Listed entries =>
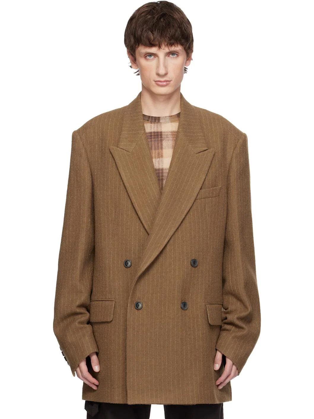 Wool melton blazer. · Pinstripes throughout · Peaked lapel · Double-breasted button closure · Welt pocket at chest · Flap pockets at waist · Surgeon's cuffs · Welt pocket at interior · Full satin lining Supplier color: Tan Body: 100% wool. Lining 1: 100% cupro. Lining 2: 100% viscose. Made in Morocco 252358M195025
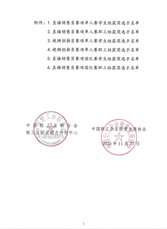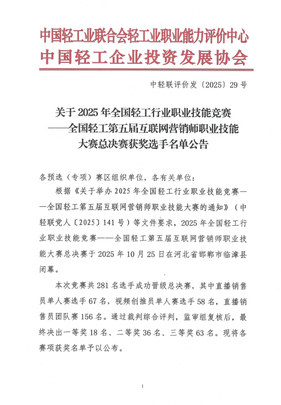 关于2025年全国轻工行业职业技能竞赛—全国轻工第五届互联网营销师职业技能大赛总决赛获奖选手名单公告
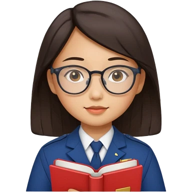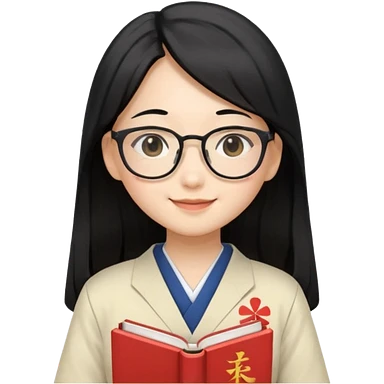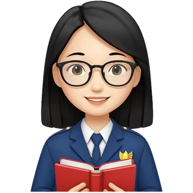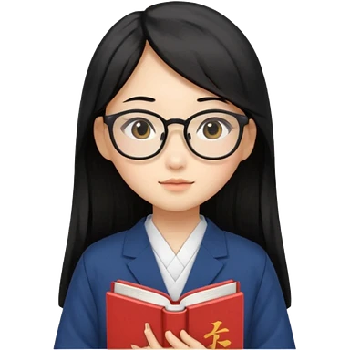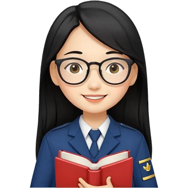 A student, asian girl, long black hair, wearing glasses, uniform, hold book in front of their chest emoji
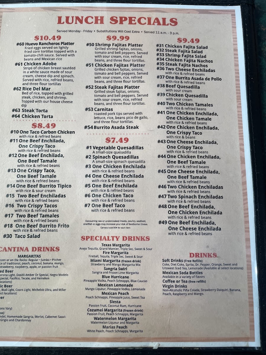 The menu supports a variety of dining moments—from leisurely visits capturing the casual vibe of a neighborhood favorite to mid-day breaks featuring affordable lunch specials. Drinks like the Sangria Swirl Margarita add a touch of festive charm without overwhelming the relaxed setting.
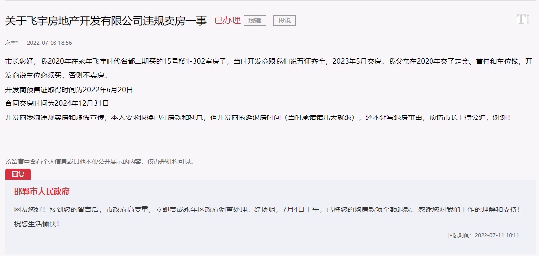邯郸市人民政府回复:网友您好!接到您的留言后,市政府高度重视,立即责成永年区政府调查处理。经协调,7月4日上午,已将您的购房款项全额退款。感谢您对我们工作的理解和支持!祝您生活愉快!
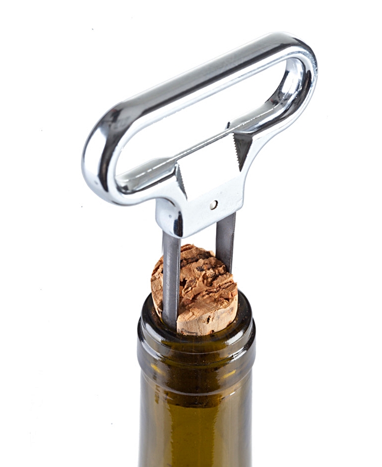 Zaczynając od dłuższego ostrza, należy je włożyć między korek a wewnętrzną stronę szyjki i delikatnie skręcając, popychać w dół. Na koniec wystarczy mocno pociągnąć i wyjąć korek.
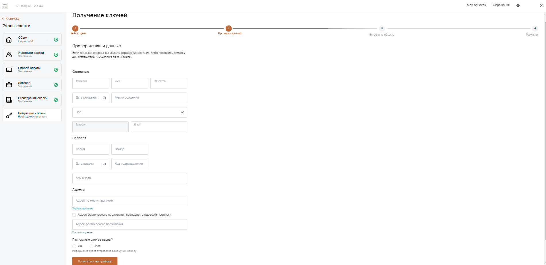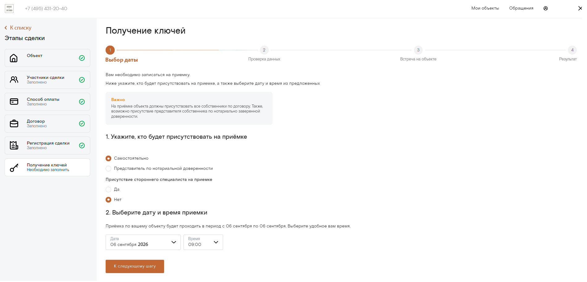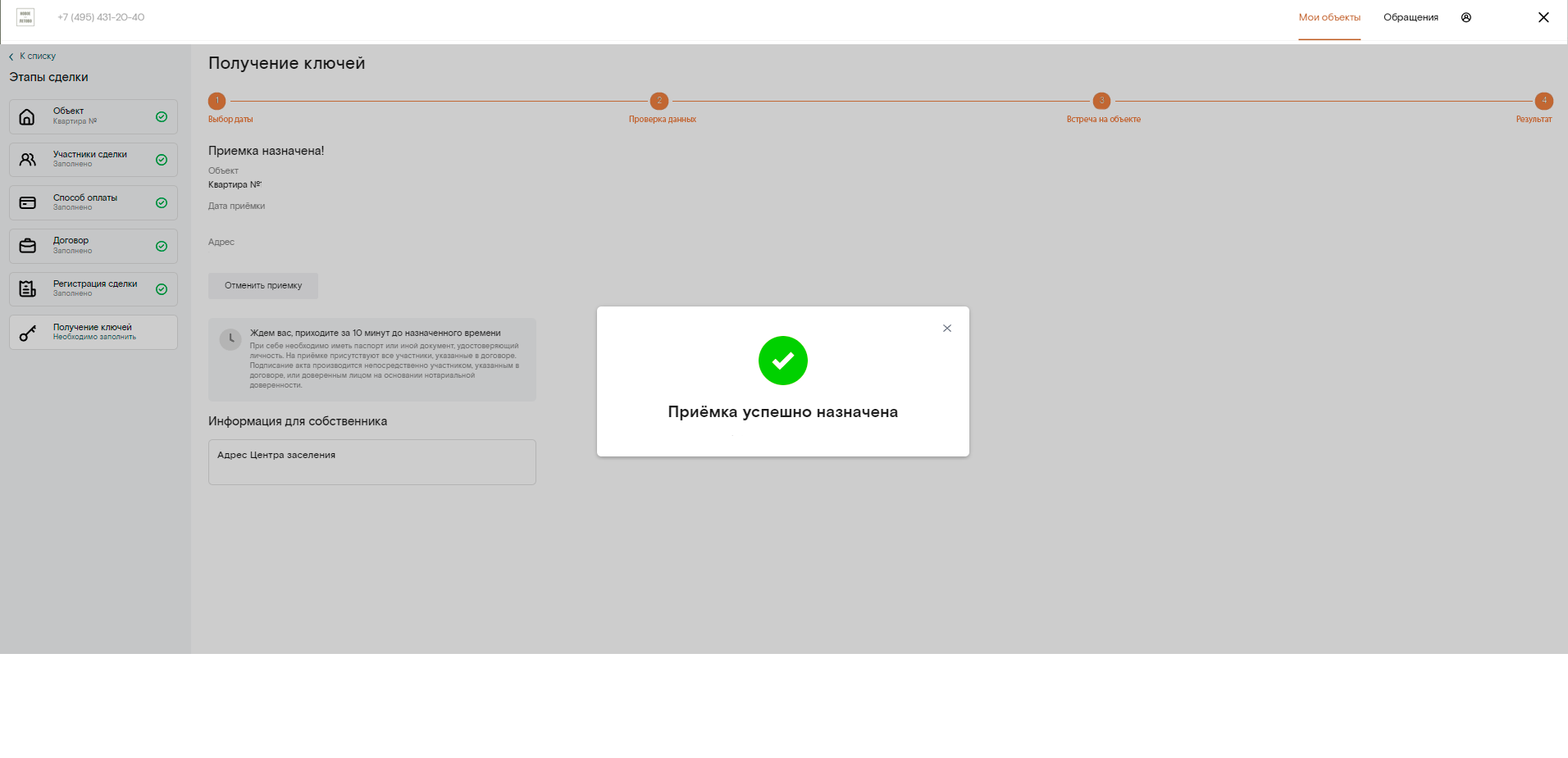 Шаг 2. На вкладке «Мои объекты» нажмите кнопку «Перейти к сделке» и заполните форму.

What you have to do =>
Please leave out the pictures as you reproduce the lines exactly, from the first line of the entries through the line containing "A student, asian".

Task response =>
 Wool melton blazer. · Pinstripes throughout · Peaked lapel · Double-breasted button closure · Welt pocket at chest · Flap pockets at waist · Surgeon's cuffs · Welt pocket at interior · Full satin lining Supplier color: Tan Body: 100% wool. Lining 1: 100% cupro. Lining 2: 100% viscose. Made in Morocco 252358M195025
 关于2025年全国轻工行业职业技能竞赛—全国轻工第五届互联网营销师职业技能大赛总决赛获奖选手名单公告
 A student, asian girl, long black hair, wearing glasses, uniform, hold book in front of their chest emoji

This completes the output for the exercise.